Guide 160 deals with halogenated solvents, those which contain fluorine, chlorine, bromine and iodine. Examples are trichloroethylene and 1,1,1, trichloroethylene. Guides 161 to 166 cover materials with different levels of radioactivity from low to high. Guide 167 is used for fluorine. Guide 168 deals with carbon monoxide and Guide 169 provides information on molten aluminum, which has an elevated temperature of 1,300 degrees Fahrenheit. Guide 170 is used with metals in the form of powder, dust and turnings. Guide 171 is used for substances with low or moderate hazards. Guide 172 deals with gallium and mercury, which are toxic heavy metals.

Prepare To Act

Emergency responders should become familiar with all sections of the guidebook before an incident occurs. Once an orange guide page is identified for a particular chemical, read the entire page before taking any action. Actions taken should not exceed the level of training and equipment available to response personnel.

The ERG is designed for first responders who by federal law have a limited capability to deal with hazardous materials because of limited training and lack of proper chemical protective equipment. First-responder responsibilities according to OSHA Regulation 29 CFR 1910.120 and recommendations in NFPA consensus Standard 472, are limited to recognition, identification (if safely possible), notification, isolation and protection. The information listed in the action guides of the orange section is designed to assist first responders in safely carrying out those responsibilities.

Guide pages in the orange section are divided into three major sections: Potential Hazards, Public Safety and Emergency Response. The Potential Hazards section is subdivided into two sections: Fire or Explosion, and Health Hazards. Either the Fire or Explosion or the Health Hazards may appear first in the listing on the page. Whichever is listed first indicates the most severe hazard of the material.

Public Safety is subdivided into three sections: General Information for Responders, Protective Clothing and Evacuation. Emergency Response contains three sections: Fire, which includes evacuation and isolation information; Recommended Extinguishing Agents; and when to use unmanned monitors and withdraw from the area. Also included in the orange section are spill or leak procedures, and first-aid information.

ERG 2000 has added notification of 911 to the first-aid instructions. Several guides also contain loss-of-cooling information for materials that must be maintained at certain temperatures to remain stable. This applies primarily to organic peroxides, which have Self-Accelerating Decomposition Temperatures (SADT) and may polymerize if cooling is lost.
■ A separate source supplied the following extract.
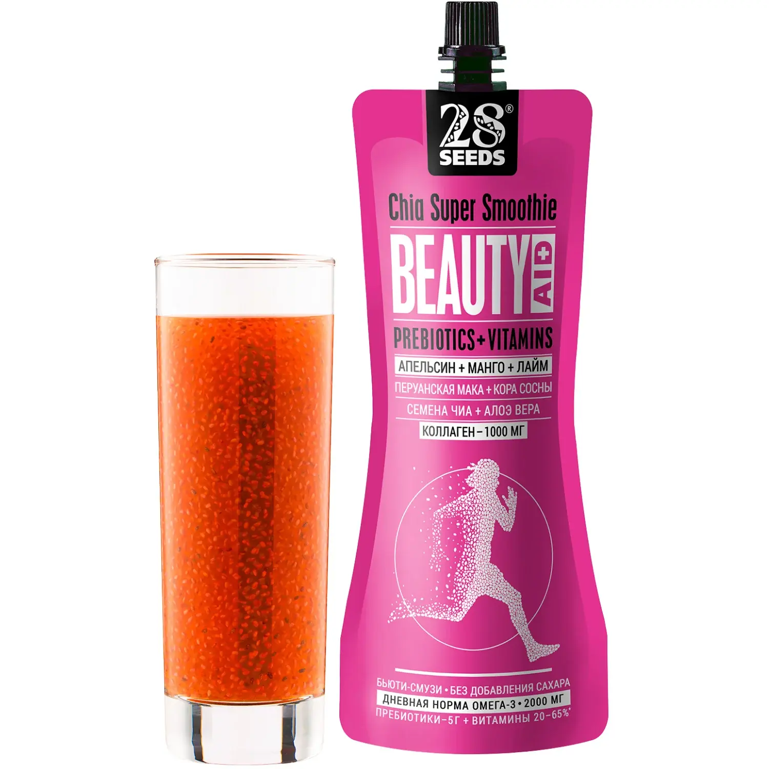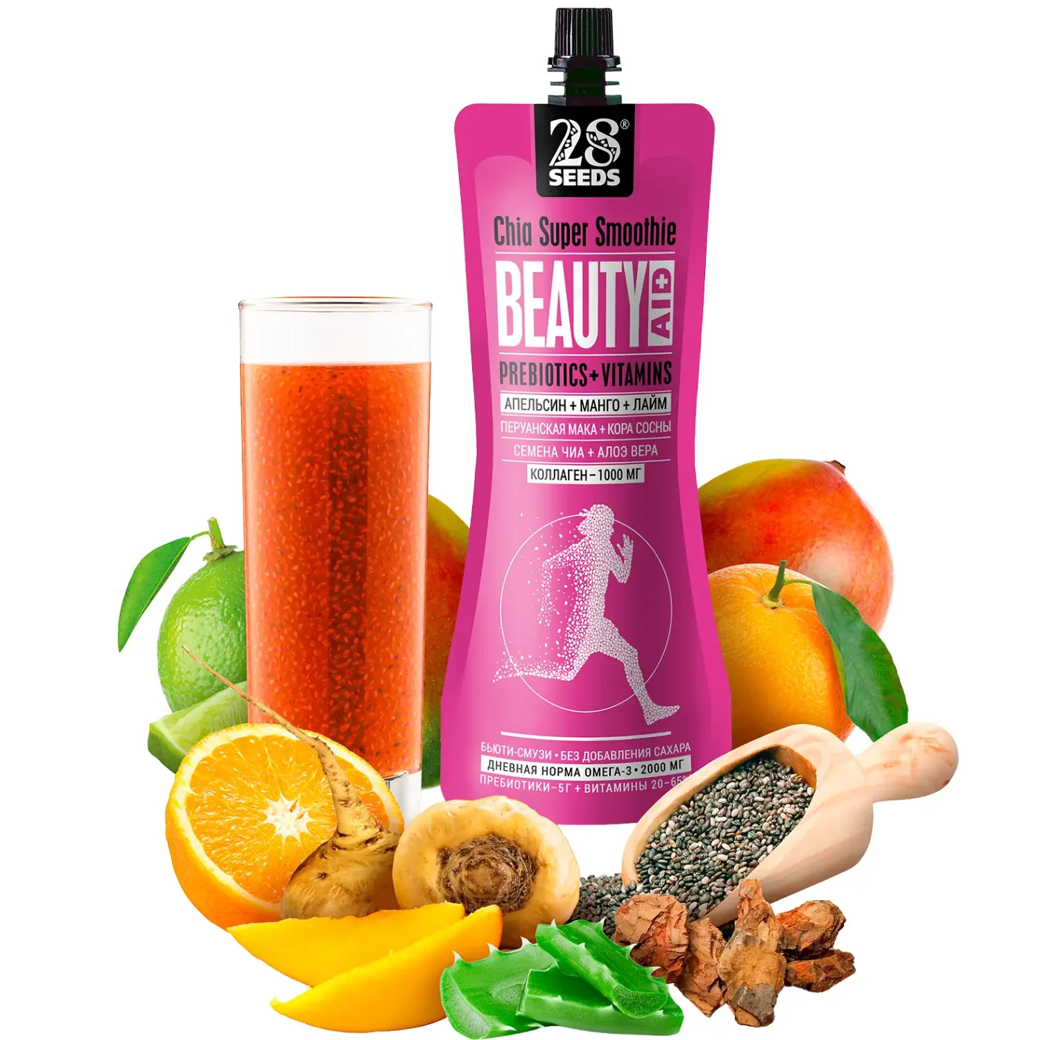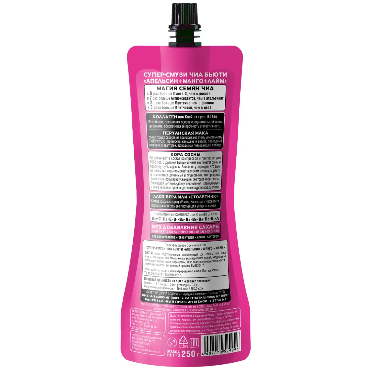 Натуральный супер-смузи Чиа БЬЮТИ «Апельсин + Манго + Лайм» 250 мл без сахара. Семена чиа, манго, апельсин, лайм, рыбий коллаген и витаминный комплекс — вкусный ритуал красоты для кожи, волос и фигуры.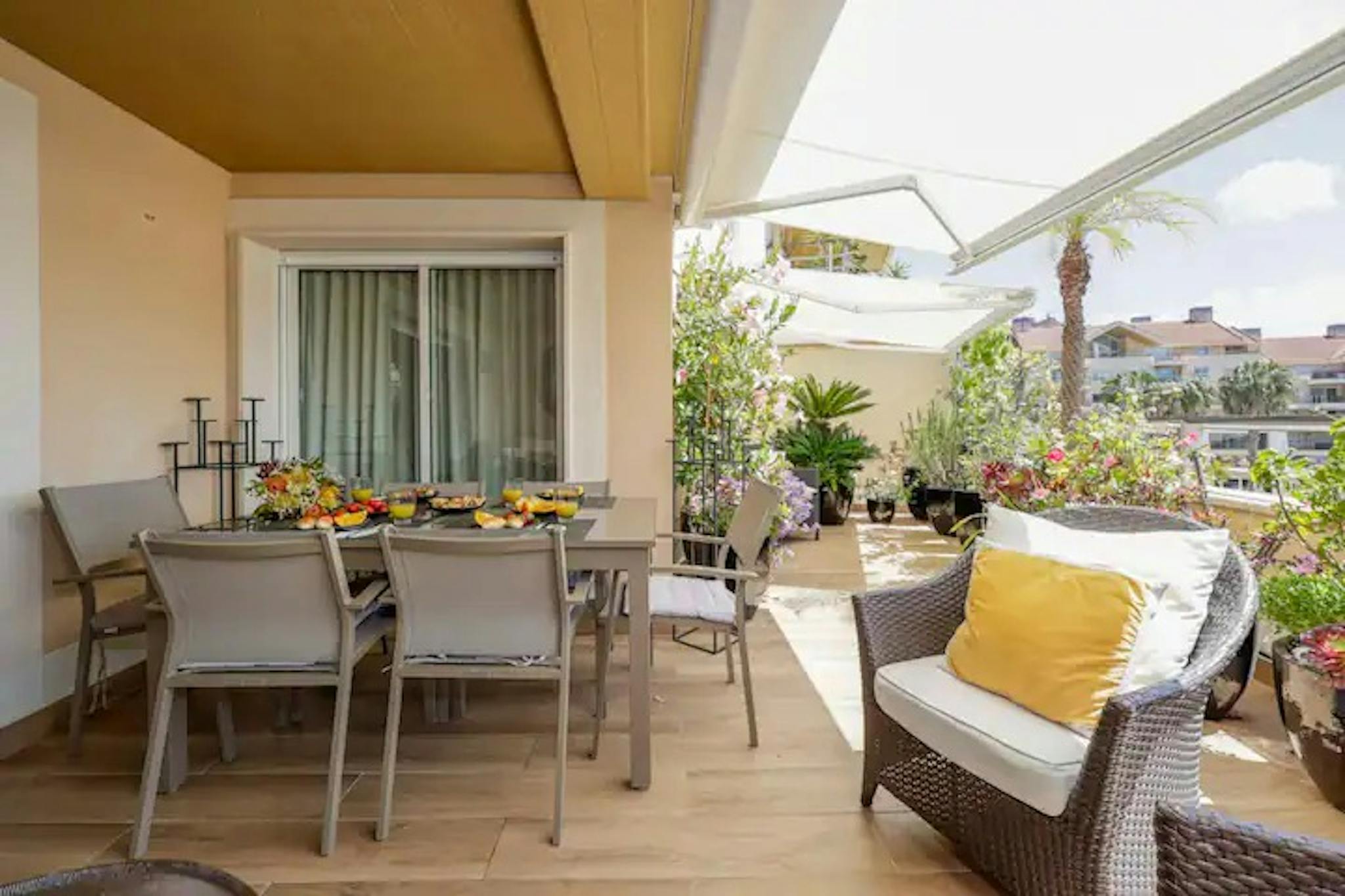 Beautifully decorated to a high standard with quality furnishings in a private condominium. This beautiful air-conditioned apartment comprises two bedrooms en suite, a large living room, a dining area, a spacious kitchen, and an extensive terrace with comfortable outdoor furniture.

Initial isolation and protective-action distances for highlighted materials in the yellow and blue sections are located in the green section, starting on page 318 (two new pages have been added to the 2000 ERG). Many distances were revised, both upward and downward, from the 1993 to the 1996 and 2000 editions of the ERG. The minimum isolation distance in the 1993 guide was 500 feet; in the 1996 edition the minimum isolation distance was 100 feet, or 30 meters. Minimum distances in the 2000 ERG for isolation are the same as in the 1996 edition.

Maximum isolation distances for any specific chemical in the 1993 edition were 1,500 feet; in the 1996 edition the distance was increased to 2,000 feet; and in the 2000 ERG the distance was increased to a maximum of 3,000 feet (915 meters). The minimum downwind distance in the 2000 ERG of 0.1 miles or 0.2 kilometers, for any specific chemical, is the same as in the 1996 edition. Maximum downwind distances in the 2000 ERG remain the same as for the 1996 edition, which was seven-plus miles (11-plus kilometers).

Fluctuations in the isolation and downwind protection distances occur because of improvements in computer modeling, which is used to determine the distances. Initial isolation and protective-action distances are intended for materials that present poison by inhalation hazards. Distances shown are expected to be reached by a vapor cloud of hazardous materials within the first 30 minutes of an incident.

The initial isolation area involves the area around the incident where the product is located, commonly known as the “hot zone.” Response personnel may be exposed to hazardous materials in the hot zone. The protective-action distances involve the area downwind from the spill or release. If materials are on fire, additional information on isolation and downwind-protection distances must be obtained from the orange section or another reliable source.

A graphic showing the setup of initial isolation and protective action guide distances is shown on pages 316 and 317 of the green section. Before this section is used, however, the UN number or the name of the product should be identified, the orange action guide read and information on wind direction obtained.

Distances in the green section are divided into small spills and large spills. A small spill involves a single individual package or container, usually 55 gallons or less in capacity. A large spill involves a large package or container, or multiple small packages or containers. Spills are further divided into day and night spills. Day is considered anytime between sunrise and sunset, and night anytime between sunset and sunrise. Isolation distances and downwind protection distances are identified for day and night spills because the air is more stable at night and vapor clouds will travel farther at night.

Shipping Papers

Inside the front cover of the 2000 ERG is an example of the type of information found on the shipping papers. Also shown is the location of the UN number on a placard. One important change regarding shipping papers occurred in the 1993 ERG and involves the requirement for an emergency telephone number that must appear at the top of shipping papers. If shipping papers have been located, the emergency contact number should be used by emergency responders first when trying to gain information about the product. If the shipping papers are not available, then the 24-hour Chemtrec number (800-424-9300) should be used.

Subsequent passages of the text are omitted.